Maravillas de un equipo docente
Lyndsie explicó que pasa entre 15 y 20 minutos diarios con Krash para atender sus necesidades especiales y que, cada vez que él necesita un descanso en su “salón sensorial”, que cuenta con una pared de texturas, pufs, “todo tipo de juguetes sensoriales” y objetos de consuelo que Krash trae de casa.
Lyndsie se maravilla del progreso de Krash.
“Cuando comenzó en el programa, solo decía ‘hola’, pero ahora habla todo el día”, dijo.
La maestra de segundo grado de Krash, Kristen Trinder, también destacó su juego paralelo con los compañeros, su aprendizaje de nuevas palabras, su interés por las matemáticas y su capacidad para pedir ayuda cuando la necesita.
“Conciencia de Cristo”
Kristen señaló que tener a Krash en el salón ha generado, entre todos los alumnos, un “sentido más profundo de aceptación”.

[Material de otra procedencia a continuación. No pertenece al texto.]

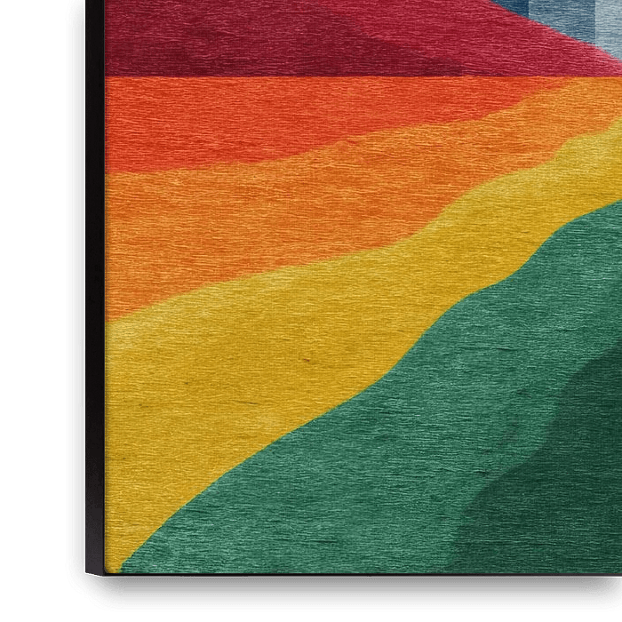 An abstract composition that combines geometric rigour with organic waveforms. Vertical stripes of colour in shades of blue meet a red mountain silhouette. In the right-hand section of the picture, rectangular segments in beige, ochre and orange are layered on top of each other. The lower part of the picture is dominated by flowing…

“Aunque no es verbal”, dijo, “la comunicación de Krash con sus compañeros trasciende el lenguaje hablado”.
Josh Krogh afirmó que esta “aceptación profunda” se respira en toda la comunidad de St. Anne.
“Uno se da cuenta cuando un lugar es el correcto, y… hay una conciencia de Cristo flotando ahí, simplemente porque todos son tan amorosos con él”, expresó.
Josh subrayó que encontrar ese “lugar correcto” siempre fue el principal objetivo de la familia, no ningún otro.
“Creo que Dios nos llevó aquí. Espero que sea algo muy bueno y a largo plazo”, continuó. “No en curar el autismo… sino en estar en un lugar amoroso para él”.
Haciendo posible una educación católica
Josh Krogh señaló que, históricamente, las escuelas católicas no eran una opción para un niño con necesidades especiales. Sin embargo, gracias a un esfuerzo conjunto de padres, educadores y personal arquidiocesano, una cultura de inclusión comenzó a echar raíces más profundas en las escuelas católicas de la Arquidiócesis de Denver hace algunos años. La Fundación FIRE de Denver fue fundada en el 2021 para apoyar la educación especial en escuelas católicas de la arquidiócesis y la Oficina de Escuelas Católicas de la arquidiócesis se amplió en el 2022 para servir mejor a los estudiantes con necesidades excepcionales.
Gracias al apoyo de la Fundación FIRE, hace dos años Lyndsie y Ellis pudieron fundar el programa de educación especial de Shrine of St. Anne para atender a estudiantes como Krash.
Un “ritmo silencioso”
Kristen agregó que una educación católica le ofrece a Krash la oportunidad de “detenerse, filtrar todo el ruido y conectarse con Dios”. Añadió que a él “le encantan los himnos que se cantan en la Misa escolar y el ritmo silencioso de nuestros rosarios dirigidos por los estudiantes”.
Lyndsie dijo que a Krash le gusta observar los vitrales y que dice “sacerdote” cuando el padre comienza a hablar.
“Dios puso a nuestra escuela y a Krash juntos, y realmente creo que es otro ejemplo del amor y la confianza inagotables de Dios en nosotros”, afirmó Kristen.
“La estrella del espectáculo”
Este “amor inagotable” se manifiesta en el impacto que Krash tiene en su familia y en la comunidad de Shrine of St. Anne, señaló Meagan. La “bendición más grande” ha sido la cantidad de alumnos y padres que le han dicho lo agradecidos que están de tener a Krash en la escuela.
“Si caminas por el pasillo, Krash es… la estrella del espectáculo. Todos le dan choques de manos”, dijo.
Tanto Meagan como Josh comentaron que la familia se siente “privilegiada” de tener a Krash en sus vidas. Tiene dos hermanos: Karvey, de 5 años, y Kal, de 3. Karvey también asiste a St. Anne.
Meagan dijo que no sabe qué le depara el futuro, pero espera que Krash continúe comunicándose.
“Solo quiero saber qué está pensando. Quiero saber cuál es su color favorito. Quiero saber qué le gusta hacer. Quiero saber qué es lo que más le gusta del parque”, expresó. “Solo quiero saber qué hay dentro de él”.